🎓 Chapter 3: Determinants

A focused summary for linking determinant definitions, computation techniques, algebraic properties, and geometric meaning—empowering confident problem solving in linear algebra.

🔰 Introduction to Determinants

Determinants assign a scalar to each square matrix. This scalar captures the scaling and orientation effect of the linear transformation $(x \mapsto Ax)$ and answers crucial questions: is $A$ invertible? How does $A$ transform area or volume?
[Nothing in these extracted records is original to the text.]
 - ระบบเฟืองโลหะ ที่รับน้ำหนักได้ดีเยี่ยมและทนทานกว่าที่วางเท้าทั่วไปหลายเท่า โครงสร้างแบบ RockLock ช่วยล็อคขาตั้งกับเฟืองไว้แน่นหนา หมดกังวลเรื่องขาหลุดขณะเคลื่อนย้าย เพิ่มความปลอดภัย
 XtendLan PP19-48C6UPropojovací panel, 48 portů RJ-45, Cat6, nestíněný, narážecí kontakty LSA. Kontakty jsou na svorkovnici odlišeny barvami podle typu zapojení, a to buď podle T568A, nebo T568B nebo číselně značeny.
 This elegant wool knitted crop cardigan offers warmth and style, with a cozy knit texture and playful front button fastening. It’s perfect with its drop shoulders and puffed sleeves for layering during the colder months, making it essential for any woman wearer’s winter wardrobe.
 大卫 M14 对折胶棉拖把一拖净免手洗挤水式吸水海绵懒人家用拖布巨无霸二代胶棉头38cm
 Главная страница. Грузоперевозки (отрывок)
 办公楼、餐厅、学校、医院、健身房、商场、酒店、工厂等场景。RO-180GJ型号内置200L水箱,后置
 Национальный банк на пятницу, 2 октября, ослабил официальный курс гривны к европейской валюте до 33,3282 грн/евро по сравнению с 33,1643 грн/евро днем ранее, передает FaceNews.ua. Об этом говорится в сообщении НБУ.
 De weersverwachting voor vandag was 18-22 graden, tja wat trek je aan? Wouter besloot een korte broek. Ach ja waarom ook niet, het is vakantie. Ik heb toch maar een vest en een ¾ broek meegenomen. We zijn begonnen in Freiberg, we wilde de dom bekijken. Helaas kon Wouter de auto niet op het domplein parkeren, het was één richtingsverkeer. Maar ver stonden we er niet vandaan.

Can we obtain explicit solutions to $Ax = b$?

Why determinants matter

$\det A \neq 0 \iff A$ is invertible.
$|\det A|$ measures signed area/volume scaling.
Determinants justify Cramer's rule and the adjugate formula for $A^{-1}$.
They bridge algebraic manipulations with geometric intuition.

Recursive definition

For $1 \times 1$ matrices, $\det[a] = a$. For $n \geq 2$, determinants are defined via cofactor expansions along any row or column using minors and cofactors $C_{ij}$.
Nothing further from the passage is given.